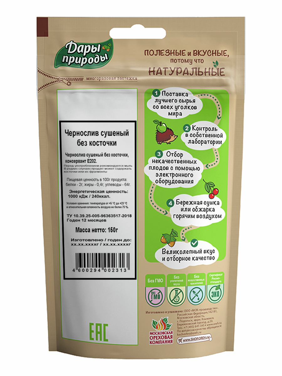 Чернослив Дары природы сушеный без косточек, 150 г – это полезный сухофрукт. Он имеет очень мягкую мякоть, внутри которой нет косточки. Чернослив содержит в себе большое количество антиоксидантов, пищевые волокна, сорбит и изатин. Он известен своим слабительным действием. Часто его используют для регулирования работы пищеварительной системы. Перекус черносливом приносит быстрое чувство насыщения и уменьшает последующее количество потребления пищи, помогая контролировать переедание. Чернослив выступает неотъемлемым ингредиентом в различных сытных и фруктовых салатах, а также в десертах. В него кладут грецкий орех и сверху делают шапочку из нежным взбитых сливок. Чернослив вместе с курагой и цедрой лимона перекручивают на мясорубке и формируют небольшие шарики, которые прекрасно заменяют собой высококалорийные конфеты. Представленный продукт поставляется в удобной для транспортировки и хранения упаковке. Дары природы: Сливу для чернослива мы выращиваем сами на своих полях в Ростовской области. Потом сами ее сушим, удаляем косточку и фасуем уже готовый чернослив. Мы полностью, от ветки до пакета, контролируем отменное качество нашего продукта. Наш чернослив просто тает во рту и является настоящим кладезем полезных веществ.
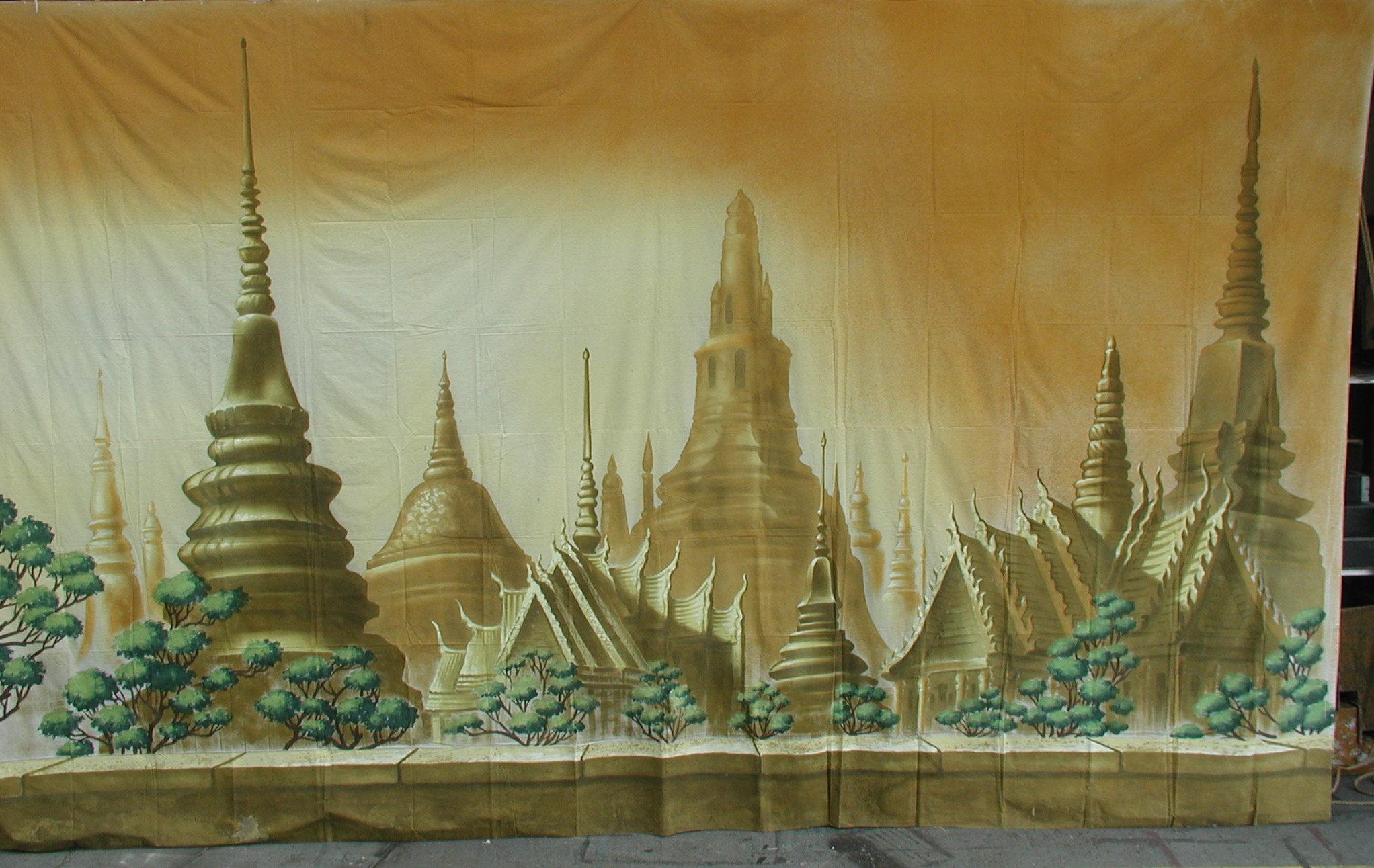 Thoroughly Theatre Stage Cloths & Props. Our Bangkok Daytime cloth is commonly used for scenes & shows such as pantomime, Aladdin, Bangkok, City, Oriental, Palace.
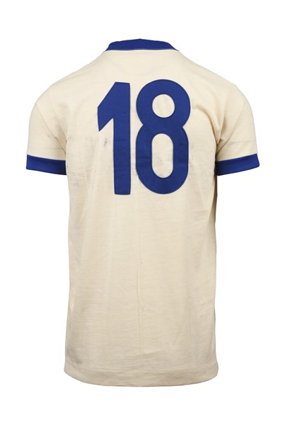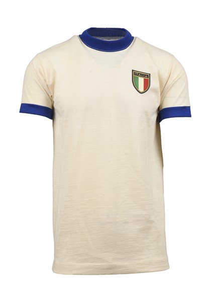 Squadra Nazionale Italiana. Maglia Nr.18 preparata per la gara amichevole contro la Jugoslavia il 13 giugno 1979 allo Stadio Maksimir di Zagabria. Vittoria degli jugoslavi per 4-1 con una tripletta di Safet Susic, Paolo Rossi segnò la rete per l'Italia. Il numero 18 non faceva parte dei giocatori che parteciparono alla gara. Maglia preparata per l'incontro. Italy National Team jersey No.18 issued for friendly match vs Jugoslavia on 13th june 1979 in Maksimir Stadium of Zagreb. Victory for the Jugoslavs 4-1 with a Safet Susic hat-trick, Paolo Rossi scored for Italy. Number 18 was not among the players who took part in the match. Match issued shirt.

+ + + + + + +

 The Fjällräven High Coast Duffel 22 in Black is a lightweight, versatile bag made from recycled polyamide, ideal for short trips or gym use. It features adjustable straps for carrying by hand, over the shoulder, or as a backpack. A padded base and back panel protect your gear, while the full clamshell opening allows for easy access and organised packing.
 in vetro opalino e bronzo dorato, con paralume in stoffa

+ + + + + + +

= YOUR TASK =
The response must hold only the lines above from the line with "The Fjällräven High" through the line with "in vetro opalino", each copied exactly, both ends kept.

= TASK RESULT =
 The Fjällräven High Coast Duffel 22 in Black is a lightweight, versatile bag made from recycled polyamide, ideal for short trips or gym use. It features adjustable straps for carrying by hand, over the shoulder, or as a backpack. A padded base and back panel protect your gear, while the full clamshell opening allows for easy access and organised packing.
 in vetro opalino e bronzo dorato, con paralume in stoffa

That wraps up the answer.